So here’s a blog entry that’s over ten years late.
I’ve been storming my way through Star Trek: Voyager recently. Apart from a few dodgy episodes (let’s not even talk about Threshold) and a dislike for any plotline that involves The Romantic and Sexist Adventures of Harry Kim, I’ve been overjoyed to find that the writing and character construction in this show still holds a lot of water. I have genuinely cried my eyes out over this crew, and I find Janeway in particular to be an incredibly inspiring character.
This evening I came home and watched ‘Retrospect’, an episode halfway through season four. It’s the series that saw Seven of Nine join the principle crew, and many of her stories so far have dealt with attempts to rehabilitate the former Borg and help her reclaim her humanity. A large part of this has been an emphasis on personal autonomy and independence. In the previous episode, ‘Prey’, Seven and Janeway argued about the boundaries of this independence, with Seven challenging the conflict between being encouraged to think for herself but also being expected to think like the rest of the crew.
So when the Doctor helps Seven recover what they both believe to be the repressed memories of a physical assault, it is a powerful statement of how this character is beginning to think about herself and her body that she describes the attack as being ‘violated’. What she remembers happening isn’t a rape but a harvesting of her Borg technology, but nevertheless this is an episode thick with rape metaphors: because of the use of terms like ‘violated’, because of Seven’s anxiety attacks, because of the (somewhat blunt) parallels drawn between nano-probes and semen, because of the disbelief Seven encounters from her crew, because of the framing of the accusation itself as something which could destroy the accused’s life, because because because.
When the episode started I was naively excited about the direction it was going. I felt it began with a series of interesting, if not wildly original, scenes covering the psychological effects of repressing, then remembering, trauma. Jeri Ryan delivered a glorious performance, and it was refreshing to see strong, unemotional Seven as an unusual depiction of a victim. I thought the reactions of Seven’s confidants were probably accurate even if they were a bit victim-blame-y in places, but I was full expecting that by having Seven’s male superiors raise her history of hallucinations, the show was preparing for a Janeway smackdown. There was no such smackdown, because for some reason my beloved captain had to be fair to a creepy weapon salesman rather than defend her crew-member (despite later claiming that she had been blinded by her desire to protect Seven. I do not think that means what you think it means, show). Still, the accused man’s reactions to the accusation seemed on point, particularly his incredibly self-centred attitude.
My alarm bells didn’t really go off until the examination of the ‘scene of the crime’, where the Doctor suddenly decided to take an out of character turn as a gross parody of the misleading psychiatrist/over-zealous activist. And then, as it was discovered that there was no concrete evidence of any assault having taken place, the episode came tumbling down.
What it boils down to is this: rape trials, if a rape even gets to trial (and the stats are abysmal), can often boil down to ‘she said/he said’. Voyager is not wrong to play out such a story. But that’s not the story ‘Retrospect’ told. For some reason, the episode veered off wildly into a half-boiled critique of the psychiatry of recovering repressed memories. As soon as it became apparent that the evidence of the assault was inconclusive, Seven’s recovered memories were neatly explained away (in the space of a few lines) as being residual trauma from unspecified medical procedures that were, y’know, probably performed by the Borg for some reason or other.
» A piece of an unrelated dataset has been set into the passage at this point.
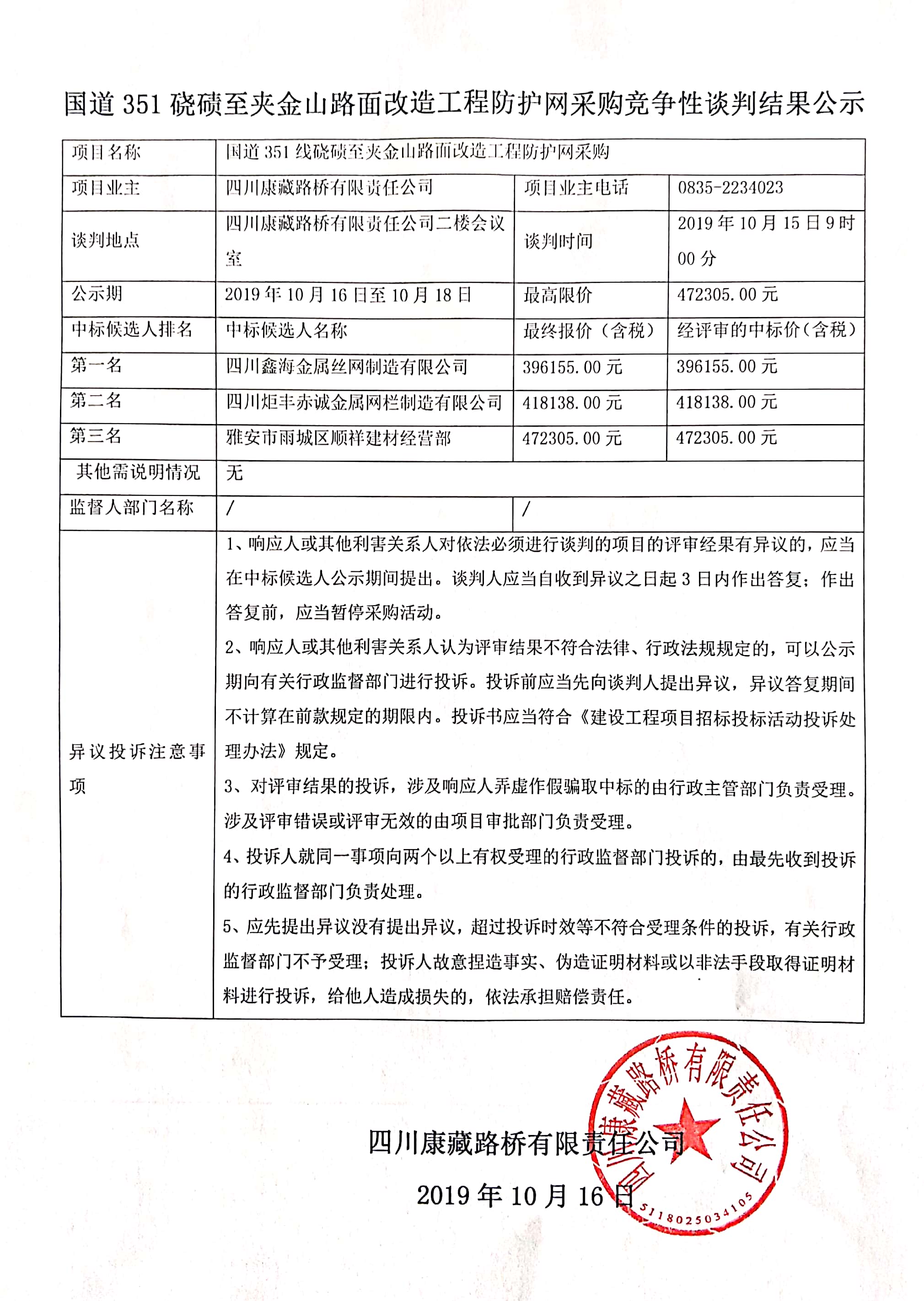 四川康藏路橋有限責任公司國道351磽磧至夾金山路面改造工程防護網(wǎng)采購競爭性談判結果公示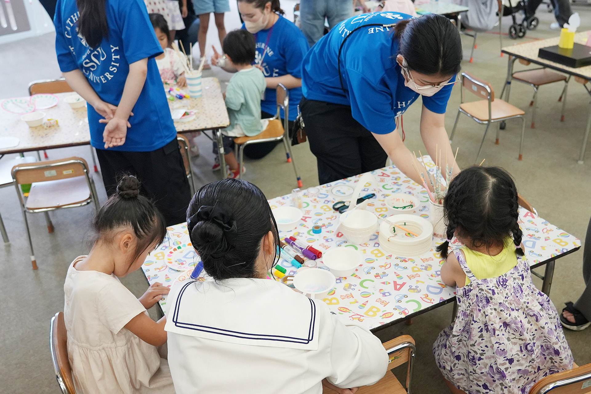 保育の魅力発信のため1階では、保育士を目指す養成校の学生が、来場した子どもたちと一緒製作などを楽しんでいました。

Despite the fact that the Doctor had argued very convincingly that this was probably not the case earlier in the episode for reasons to do with Seven’s actual brain physiology, a few splatters of innocent
semen nano-probes were enough to make him forget all of this other evidence and chalk it up to not really understanding Seven’s neurology yet. What. So suddenly this is a story about the Doctor being a crap psychiatrist and Seven being a lying liar and that poor poor dead accused weapons salesman who so tragically died whilst trying to destroy the whole ship and everyone on it because of the terrible lies of Seven and the cloudy judgement of her friends, blah blah blah…
Unconsciously, I’m sure we’d all like to believe that false accusations account for a significant proportion of the women raped every single day in this country, because that would mean that this crime actually having taken place is the exception, not the rule. It would be an amazing world to live in where women were not routinely victimised and assaulted by the people they love and trust. But the world we actually live in is one where on top of 1 in 3 women being raped, the few women amongst that number who do come forward will be routinely disbelieved and blamed.
So consider this a retrospective fuck you, writers of Voyager, for perpetuating the myth that women cannot be believed when it comes to rape, and that the perpetrators are somehow equally deserving of our compassion. Consider that one human experience you shouldn’t have used just so that the Doctor could learn a valuable lesson about not being a dodgy hack psychiatrist. And frankly, how dare you belittle the experiences of rape survivors in order to teach Seven how to feel anger and remorse. Anger: I’m feeling it. Remorse: I hope you have some.